Berdasarkan data Satgas pada 23 Juli 2021 tercatat penambahan warga yang terkonfirmasi positif sebanyak 194 orang, penambahan pasien sembuh sebanyak 34 orang, dan meninggal dunia bertambah sebanyak 57 orang.

Kemudian pada 24 Juli 2021 tercatat penambahan warga yang positif COVID-19 sebanyak 176 orang, pasien sembuh bertambah sebanyak 102 orang, dan meninggal dunia bertambah 28 orang.

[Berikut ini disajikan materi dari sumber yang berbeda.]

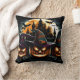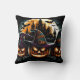 Três abóboras entalhadas com grinos estranhos brilham intensamente contra um céu crepúsculo, emolduradas por morcegos e um castelo assombrado banhado à luz da lua.
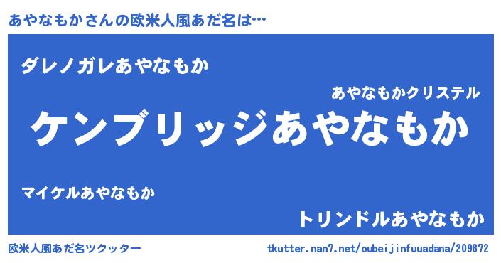 | 意味不明あだ名 | 『自称あやなもか』『ペロリンあやなもか』 |
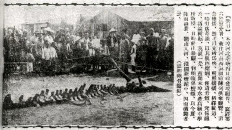 1934年8月8日午后,辽河北岸东小街一农民在附近苇塘发现一巨大水族动物。该物长约10米,头部左右各一角,长约1米余。脊骨共29节,非鱼非鲸,体已腐烂。伪营口第六警察署将其运至西海关附近空地陈列数日,一时轰动全城,参观者络绎不绝。后该遗骨运至县立师范作教学标本。当年8月17日的《盛京时报》记载:“<龙骨由县发给师校作为标本>本埠河北苇塘日前发现龙骨,由警察第六分署载来市内西海关前陈列,供众参观。旋经省立高级中学校渔捞科教授张君判明,确系蛟类,浅搁于泥土之上而涸毙者等情,已志本报。兹该蛟骨已由县警务局呈交县署教育局,拟于日内发给通惠门街县立师范南校,作为动物标本,以为研究生理学之材料云”。
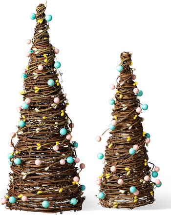 This is a nature-inspired Grapevine Twig Cone Tree with pink and blue berry balls. Display this anywhere in your home that you see fit. Because of its small size, it can serve as a centerpiece on tables and desks, or as a lovely accompaniment on the ledge of the fireplace. Even place it on the ground of your foyer, living room, or family room.
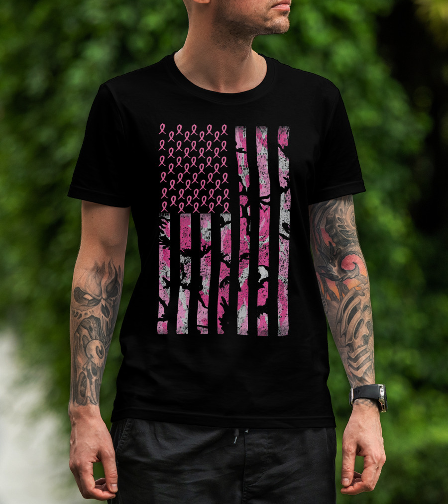 Breast Cancer Awareness Survivor Pink Ribbon American Flag Camo T-Shirt
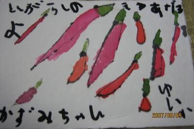 昨日の基礎代謝がよいということで『太りにくい体質』を自慢して歩いていましたが、その太りにくい体質を圧してここまで太るには並々ならぬ努力があったわけでして。 そもそもわたしが太り始めたのは、教育委員会に非常勤で勤め始めたころからでした。そのころのわたしの体重は48キロでした。 教育委員会は非常に静かな職場でした。ページをめくる音、キーボードを打つ音、コーヒーがボコボコと沸く音、わたしの腕時計の秒針がチクチクと動く音まで聞こえました。 その静寂を破るようにわたしの腹の虫がぐううううう。 そこで! 朝食を2度食べていくことにしたのです。6時15分におっちゃんと一緒にパンとコーヒー、8時半にごはんを詰め込んで出勤するようにしました。おかげで腹の虫は泣かなくなりました。当然、体重はぐんぐん増えていきました。 体重は50キロを超えると40キロ台には戻れません。55キロを超えると後は増える一方です。高血圧のこともあり、お医者からは56キロが限度ですよと釘を刺されていましたが、先週の土曜日にはとうとう大台に乗ってしまいました。 太り始めたのが平成10年の梅雨のころでしたからちょうど9年。長いなあ! ちょっとやそっとでは体重は落ちないね。長期戦でいきますか! 久しぶりに絵手紙を描きました。私のそばでゆいかも描きました。『とんがらしのえを あげるよ』『ぷちとまと』『みずたまもようのいぬと ねこ』 ゲージュツの秋です。 応援ポチお願いします! 人気blogランキングへ
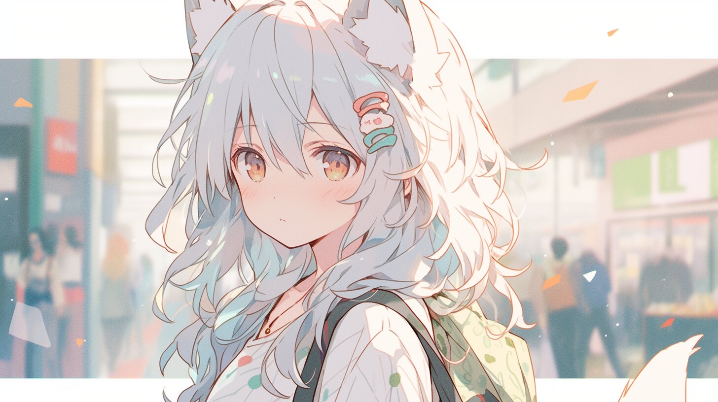 夕陽に染まる髪、ふわりと揺れるしっぽ。

Baca juga: Kasus sembuh COVID-19 bertambah 38.988 orang, meninggal 1.566 orang

"Untuk menekan kasus kematian pasien COVID-19, Satgas akan memusatkan fasilitas isolasi mandiri di salah satu hotel di Jember untuk memudahkan pemantauan kesehatan mereka yang terkonfirmasi positif," tuturnya.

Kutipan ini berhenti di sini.